Wednesday, October 12, 2011

A Verbal Image

The description of this blog is “a repository of images.” Images can also be verbal. I have a deep love for visual images, but I like to try my hand at the verbal ones as well.

With no further ado, here is an image of a journey, from Angel Station in Islington, London, to Earl’s Court, Chelsea, London.

Dusk is creeping in London. The clouds smirk of rain. There are brilliant, blue-white flashes coming regularly, no thunder. This is puzzling till I see the window of the photography studio, the flashes making people glance and hurry.

I stop at the entrance to the tube station. The inside is hot, grimy, and artificially lit.

No. I don’t want to be in the belly of a little worm train, snaking through the ground. The crisp air and gloom forbid it. It’s doubledecker time.

The bus is the 19, to Hyde Park Corner. The best seat is open: front row, top deck, left corner.

A few of the trees have icy Christmas lights on selected branches, wrapped around the wood, giving the trunks a different dimension. The bus pulls so close to its cousin in front of it that were I to kick through the tall window before me, I’d hit its red paint.

The street looks half mystery, half welcome, the pedestrians Jeykll and Hyde: I’l never know which. A tiny gray-white spider races around the folds in my hoodie, and in trying to remove him nicely, I partially sqush him. Sorry sir.

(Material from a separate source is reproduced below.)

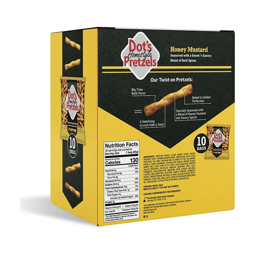 These Dots Homestyle Honey Mustard seasoned twist pretzels bring you a sweet and savory blend of bold spices. The honey wheat pretzels are baked to golden perfection with a satisfying crunch.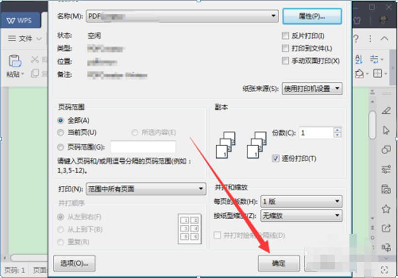 8、返回打印窗口,设置其他常用选项,然后点击【确定】,即可完成虚拟打印输出PDF文件。

Spiders, in my experience, do not fall for the “here, climb onto my finger!” schtick as readily as other bugs. Ants are the same way.

Two girls sit across the aisle. They talk too much. Well, one does. The other sits, contained, graceful, staring vacantly, listening politely. Something about the way she’s sitting is feline. “And I’m like,no, she’s been dating this guy for awhile, I’d know if they were engaged….That was so, like, stereotypical of him..”

Fascinating. Really.

I take a deep breath, and think: “SOMEone hasn’t bathed since the Dark Ages.”

Two policemen mosey along Cambridge Circus, talking easily to their companion, a man in street clothes. The metal points on their helmets glint sharp in the dark. Shaftesbury pulses with flashing bulbs on theater signs.

Contentment has snuck up on me. Like when you swallow hot coffee in the morning, and the warmth and vitality shivers through you. Can’t force it, can’t detain it. It simply is. Like art.

The bus goes past the Ritz Hotel. Once merely a family name, now an adjective and an empire. Its spangly, lightfooted ants scurry in and out of their anthill, trailing wealth like perfume.

I put a pound into a man’s hard, dirty hand, at the entrance to the Hyde Park Corner Station. He was the most cheerful person I’d met all day. And he is likely homeless, with only his blanket seat and a Styrofoam cup of coffee to his name. He said “Thanks, darling!” as if I were an old friend giving him cookies instead of a stranger with cold coin. That kind of courage deserves my pocket change, while I have it.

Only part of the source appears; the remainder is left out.